As polymerization catalysts, under their action the polymerization takes place, the usual polymerizations-catalyzing compounds, such as organic or inorganic peroxides or persalts, for example peracetic acid, Acetyl peroxide, benzoyl peroxide, benzoylacetyl peroxide, lauroyl peroxide, hydrogen peroxide, percarbonates, Persulfates or perborates can be added. Your addition is measured in a known manner the desired course of the reaction or the desired properties of the copolymer.

If necessary, several polymerization-catalyzing agents can be brought into action. The effect of the polymerization catalysts can be caused by the simultaneous action of heat and / or actinic rays. It is even possible to heat the polymerization only and / or to effect actinic rays without the addition of catalyzing compounds.

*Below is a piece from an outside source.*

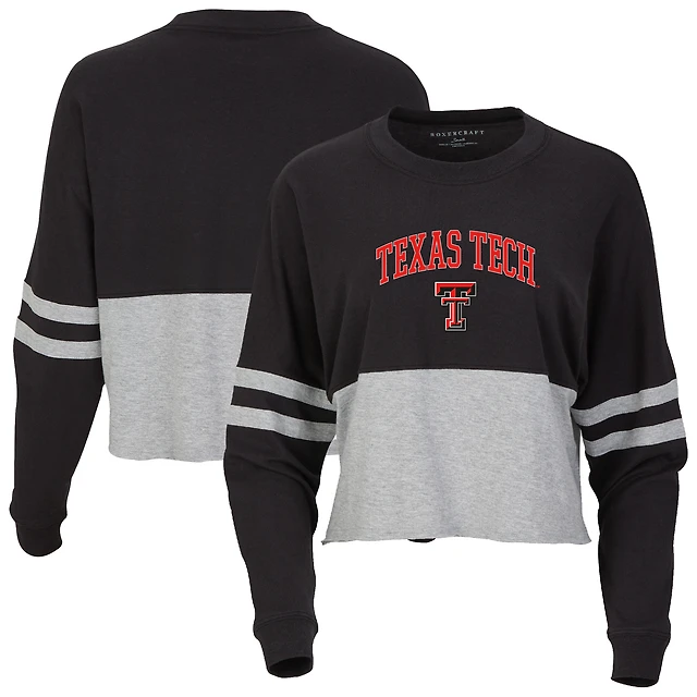 Women's Black Texas Tech Red Raiders Oversized Cropped Retro Long Sleeve T-Shirt

To produce the polymer emulsions to be prepared according to the invention, the customary technical apparatus are used. The production can take place in two stages. In a In the first stage, the emulsion of the starting materials can be produced in a second step is subjected to polymerization. Because the acids to be polymerized, e.g. B. acrylic acid or methacrylic acid, are soluble in water, it is possible to use these acids in the water containing the Contains emulsifier and possibly other additives to be dissolved prior to the preparation of the emulsion. Man but it can also be added to the finished emulsion of the other components.

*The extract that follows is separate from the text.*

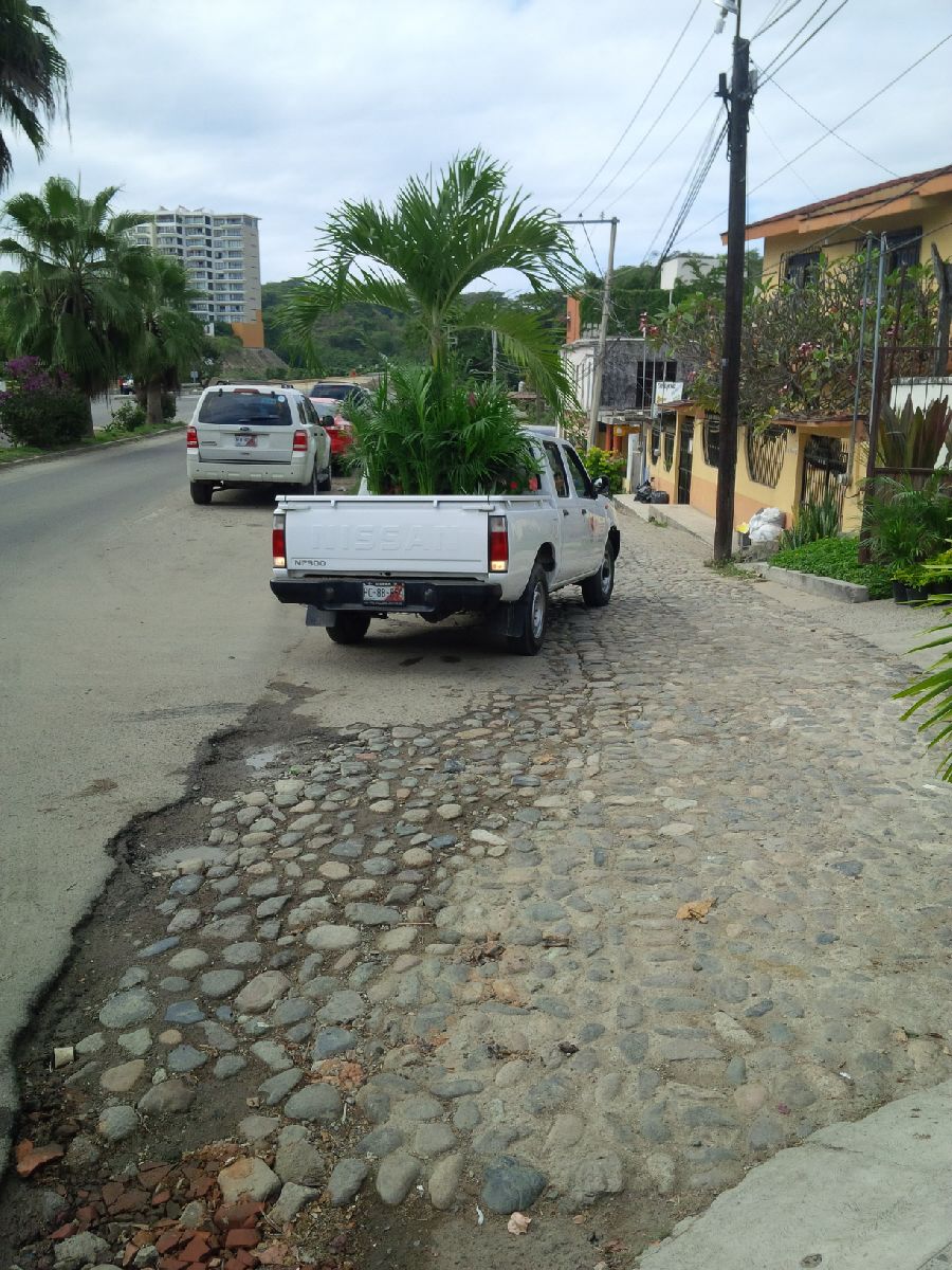 And it’s not just exhausting – I literally have 2 or 3 bruises on my arms and knees from hitting the dash and the door of the car while we bump over the roads and the mountainous topes (speed bumps).   I guess the real problem is that we’re cheap.  We went to every Vivero in the district because the prices were just too different.  We really needed to compare.  We bought a 12-foot palm tree for $250 pesos (about $20) but another garden quoted us $2500 pesos.  So I’m not exactly complaining – just realizing that we need to pace ourselves a bit and plan our routes each time we leave the house.  And maybe wear kneepads and elbow pads.

To produce the emulsion of the components which are sparingly soluble in water, these can be used Make a mixture of the components and then emulsify this mixture. However, it is also possible to prepare an emulsion with one component alone and the other components in this Disperse emulsion. It is also possible to separate the various components Preparing emulsions and these emulsions in a suitable ratio before the polymerization Mix. Finally, the following working method should also be considered:

All but one of the components are emulsified in a single emulsion, from the last component a separate emulsion is prepared, which only in the course of the polymerization of the other Emulsion is added. This way of working can be advantageous when a component polymerizes faster and more easily than the other components. They are preferably used in the preparation of the emulsion the various components in a monomeric state for use. But you can also use one or the other connection in part Use pre-polymerized. The emulsions used for polymerization are everything those of the oil-in-water type.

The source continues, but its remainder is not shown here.